For reference: https://www.mssqltips.com/sqlservertip/1257/processing-data-queues-in-sql-server-with-readpast-and-updlock/
*/
BEGIN TRY
--this transaction just marks the records with a guid that this instance of the proc will be handling.
BEGIN TRANSACTION
DECLARE #ProcessID varchar(36) = (SELECT NEWID());
;with cte as (
SELECT TOP (#BatchSize) ProcessID, UpdateDate
FROM dbo.MainJSONTable
WHERE IsProcessed = 0
AND ProcessID IS NULL
AND ProcessingFailed = 0
ORDER BY CreateDate ASC
)
UPDATE cte WITH (UPDLOCK, READPAST)
SET ProcessID = #ProcessID,
UpdateDate = GETUTCDATE();
DECLARE #i bigint = 1;
SET #BatchSize = (SELECT COUNT(*) FROM dbo.MainJSONTable WHERE IsProcessed = 0 AND ProcessingFailed = 0 AND ProcessID = #ProcessID);
COMMIT TRANSACTION;
END TRY
BEGIN CATCH
IF (##TRANCOUNT > 0)
BEGIN
ROLLBACK TRANSACTION;
RETURN;
END
END CATCH;
WHILE #i <= #BatchSize
BEGIN
BEGIN TRY
BEGIN TRANSACTION
SET #RowKey = (SELECT TOP 1 RowKey FROM dbo.MainJSONTable WHERE IsProcessed = 0 AND ProcessingFailed = 0 AND ProcessID = #ProcessID ORDER BY CreateDate ASC);
IF(#RowKey IS NULL)
BEGIN
RETURN;
END
BEGIN TRY
EXEC dbo.DoStuffInChildProc #RowKey;
END TRY
BEGIN CATCH
SET #msg = error_message();
RAISERROR (#msg, 16, 1);
END CATCH
UPDATE dbo.MainJSONTable
SET IsProcessed = 1
WHERE RowKey = #RowKey
AND ProcessID = #ProcessID;
COMMIT TRANSACTION;
END TRY
BEGIN CATCH
IF (##TRANCOUNT > 0)
BEGIN
ROLLBACK TRANSACTION;
END
EXEC Logging.SetLogEntry ##PROCID, #msg;
UPDATE dbo.MainJSONTable
SET ProcessingFailed = 1
WHERE RowKey = #RowKey
AND ProcessID = #ProcessID;
END CATCH;
SET #i = #i + 1;
END
END
And here is an example of the child proc that is called. There are multiple child procs called, but this is how they are all handled:
CREATE PROCEDURE [dbo].[DoStuffInChildProc]
#RowKey bigint
AS
BEGIN
SET NOCOUNT ON;
SET XACT_ABORT ON; --http://www.sommarskog.se/error_handling/Part1.html#jumpXACT_ABORT
SET TRANSACTION ISOLATION LEVEL READ UNCOMMITTED; --mandated by DBAs unless I provide good reason not to use it.
BEGIN TRY
--before this i get some dynamic sql ready.

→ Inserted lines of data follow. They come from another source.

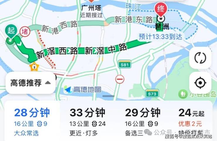 自驾去琶洲:可以走新滘路或者新港路,都是10多公里,耗时30分钟左右。
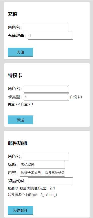 游戏GM工具访问链接:http://IP:82/gm1/s1.php,使用你服务器的IP,可以给玩家充值发送物品,具体的物品需要先查找到物品代码,按照指定格式发送,无需重新登陆游戏,邮箱实时收取。
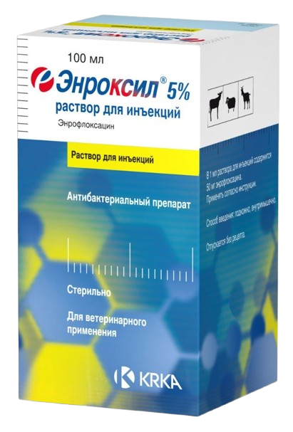 Энроксил 5% раствор в качестве действующего вещества в 1 мл содержит 0,05 г энрофлоксацина, а также вспомогательные компоненты. По внешнему виду представляет собой прозрачный раствор светло-желтого цвета. Препарат расфасовывают во флаконы из темного стекла по 50 и 100 мл.
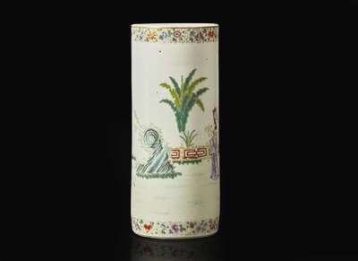 A Chinese famille rose-decorated porcelain "Boys" hat stand 粉彩帽筒
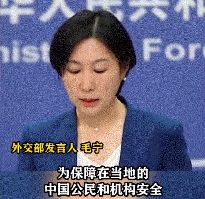 紧接着一个片段显示,中国外交部发言人毛宁25日在例行记者会上说,中国驻苏丹使馆坚守岗位,密切关注形势发展变化,为保障在当地中国公民和机构安全全力提供支持协助。在有危险撤离时,使馆永远撤在最后。外交部也将采取有效措施保障使馆人员安全。
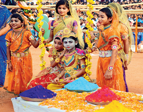 Children dressed as Radha and Krishna on the occasion of Dola Yatra at the Kalinga Institute of Social Science in Bhubaneswar on Wednesday. Picture by Sanjib Mukherjee

EXEC sp_executesql #FinalSQL;
END TRY
BEGIN CATCH
IF ##trancount > 0 ROLLBACK TRANSACTION
DECLARE #msg NVARCHAR(200) = CONCAT('[dbo].[DoStuffInChildProc] generated an error while processing RowKey ', #RowKey);
EXEC Logging.SetLogEntry ##PROCID, #msg, #FinalSQL;
RAISERROR(#msg, 16, 1);
RETURN 1;
END CATCH;
END
The error in my log is for the parent procedure:
Transaction (Process ID 60) was deadlocked on lock resources with another process and has been chosen as the deadlock victim. Rerun the transaction.
UPDATE
This is the table create statement, and I just realized there currently aren't any indexes on the table other than it's clustered on the primary key. All of the child procs are selecting the Result field which contains the JSON to be parsed. Should I be committing the child transactions as soon as they're finished, or just bubbling up to the parent proc?
CREATE TABLE dbo.MainJSONTable (
TableID bigint IDENTITY(1,1) NOT NULL,
ParentTableFK bigint NULL,
Result nvarchar(MAX),
IsProcessed bit NOT NULL,
ProcessingFailed big NOT NULL
ProcessID
)
Related
I need to use existing global temp tables or create them and fill if they don't exist.
Example of one table
BEGIN TRANSACTION
if OBJECT_ID('tempdb..##myTable') IS NULL
begin
create table ##myTable (
--stuff
)
end
COMMIT TRANSACTION
BEGIN TRANSACTION
if (select count(*) from ##myTable) = 0
begin
insert into ##myTable
--select stuff
end
COMMIT TRANSACTION
Sometimes it works and sometimes error "Table ##myTable already exists" shows. I am the only one who uses those global temp tables
This is a classic race condition. Multiple sessions can execute the if OBJECT_ID('tempdb..##myTable') IS NULL query at the same time. If the table doesn't exist, both will attempt to create the table and only one will succeed.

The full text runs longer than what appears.